▶ Provided records:
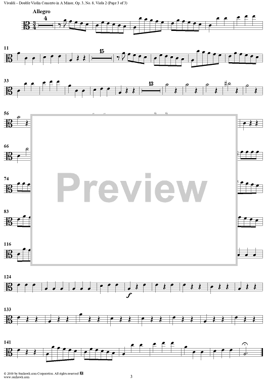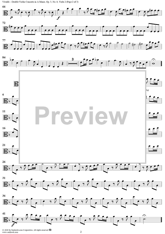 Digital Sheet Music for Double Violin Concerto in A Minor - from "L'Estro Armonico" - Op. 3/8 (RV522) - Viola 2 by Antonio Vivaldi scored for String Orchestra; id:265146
* * *
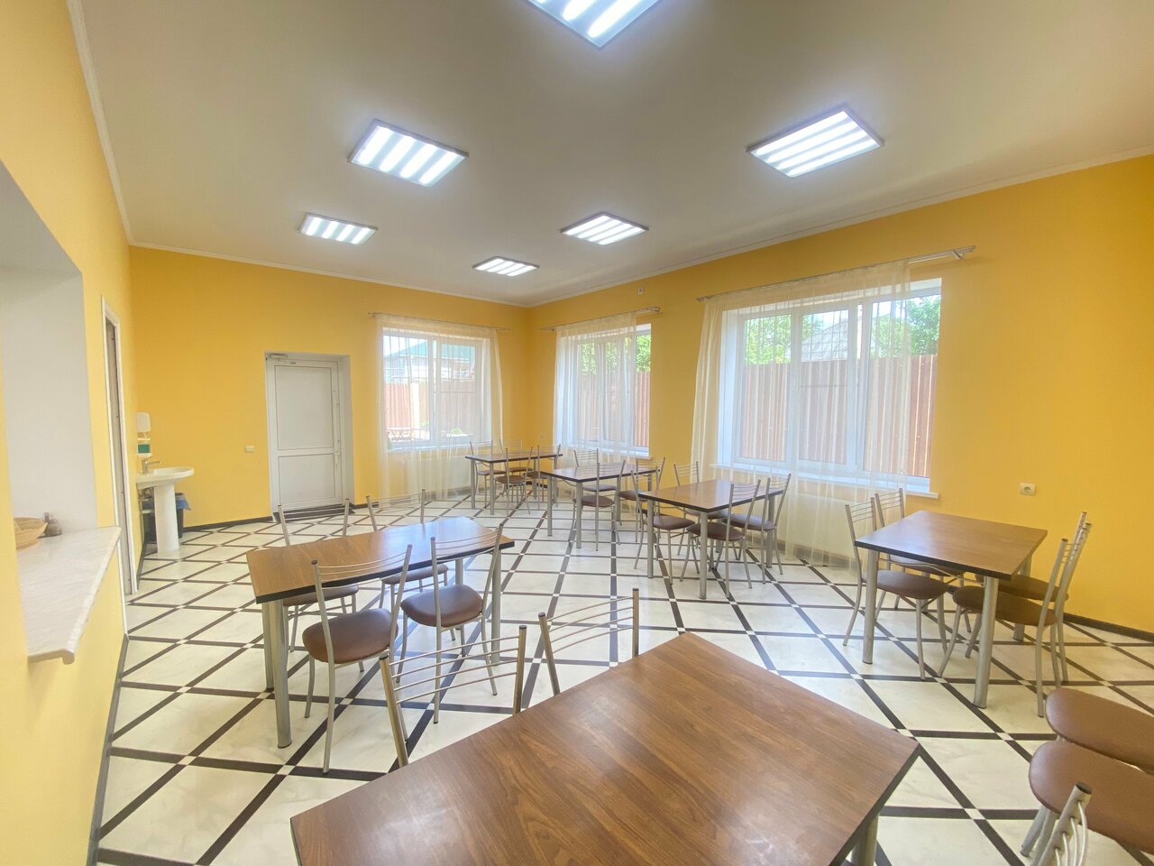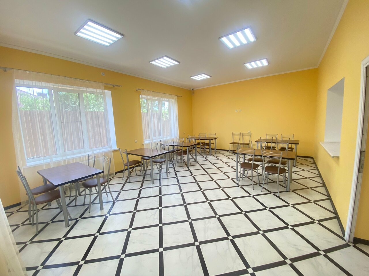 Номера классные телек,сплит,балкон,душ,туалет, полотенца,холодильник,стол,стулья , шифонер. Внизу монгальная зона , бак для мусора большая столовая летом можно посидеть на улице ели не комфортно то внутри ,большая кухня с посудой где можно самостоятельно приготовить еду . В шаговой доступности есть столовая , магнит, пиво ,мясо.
==
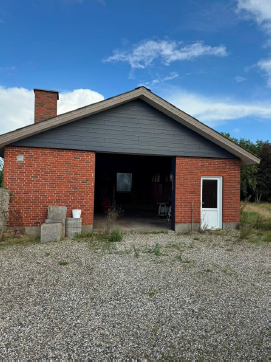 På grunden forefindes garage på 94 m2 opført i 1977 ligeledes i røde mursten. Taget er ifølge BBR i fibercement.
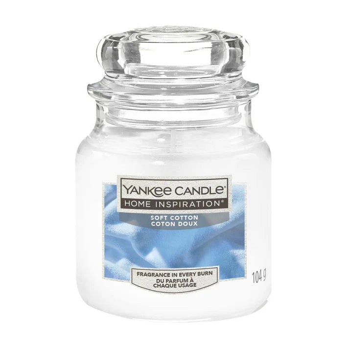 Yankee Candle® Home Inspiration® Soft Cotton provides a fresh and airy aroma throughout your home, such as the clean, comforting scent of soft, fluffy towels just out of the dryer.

▶ Work instruction: Return word for word the lines of the listing above, starting at the line with "På grunden forefindes" and ending at the line with "Yankee Candle® Home", both included. Pictures do not belong in the copy.

▶ Answer:
 På grunden forefindes garage på 94 m2 opført i 1977 ligeledes i røde mursten. Taget er ifølge BBR i fibercement.
 Yankee Candle® Home Inspiration® Soft Cotton provides a fresh and airy aroma throughout your home, such as the clean, comforting scent of soft, fluffy towels just out of the dryer.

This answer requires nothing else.